── PROVIDED MATERIAL

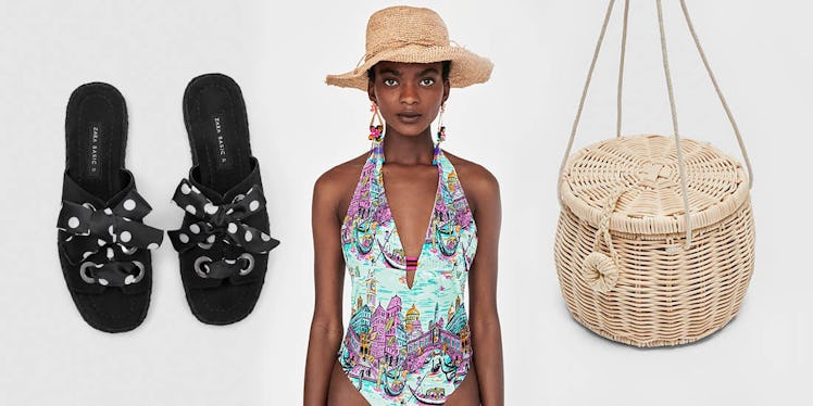 There are a ton of bathing suits in the sale, most of which are brightly patterned one pieces. My favorite, you ask? The Gondola Print Swimsuit ($29.99, originally $49.90, zara.com), which is basically a vacation in a swimsuit. The cut is flattering, the print is dreamy, and as the picture above shows, it looks great with that Multicolored Braided Bucket Bag I already decided you're buying. Thank me later!
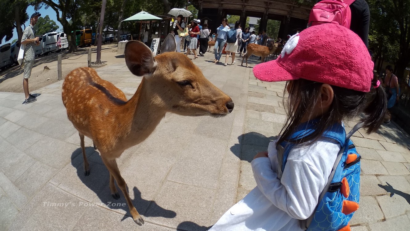 出國玩比上班還累,尤其是帶小孩到這種有點時差的地方,小孩哪受得了這種整天都在玩、走路、吃東西的行程。但是今天要去奈良搭車還得40分鐘,還是得把小孩叫起來,於是播放昨天在神戶麵包超人拍攝的影片是最快方式,小孩立馬彈起來~
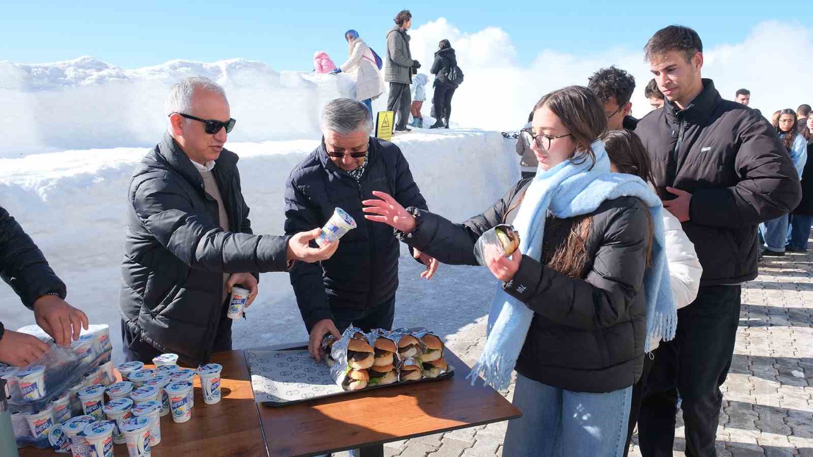 Öğrenciler zirvede kar topu oynayıp kar yığınları üzerinde kayarak keyifli bir gün geçirdi. Kar topu oynayan öğrencilerin oyununa dahil olan Başkan Topaloğlu öğrencilerin isteğini kırmayarak bol bol hatıra fotoğrafı çektirdi.
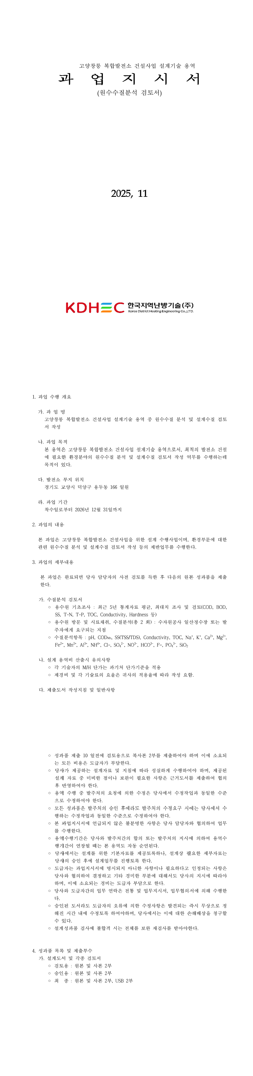 고양·창릉 복합발전소 건설사업 설계기술 용역(환경/원수수질분석 및 설계수질 검토) |

────

• _WHAT YOU ARE ASKED TO DO_
In the data above, the line containing "Öğrenciler zirvede kar" and all lines after it are to be reproduced exactly, leaving out the pictures.

• _REPLY TO THE TASK_
 Öğrenciler zirvede kar topu oynayıp kar yığınları üzerinde kayarak keyifli bir gün geçirdi. Kar topu oynayan öğrencilerin oyununa dahil olan Başkan Topaloğlu öğrencilerin isteğini kırmayarak bol bol hatıra fotoğrafı çektirdi.
 고양·창릉 복합발전소 건설사업 설계기술 용역(환경/원수수질분석 및 설계수질 검토) |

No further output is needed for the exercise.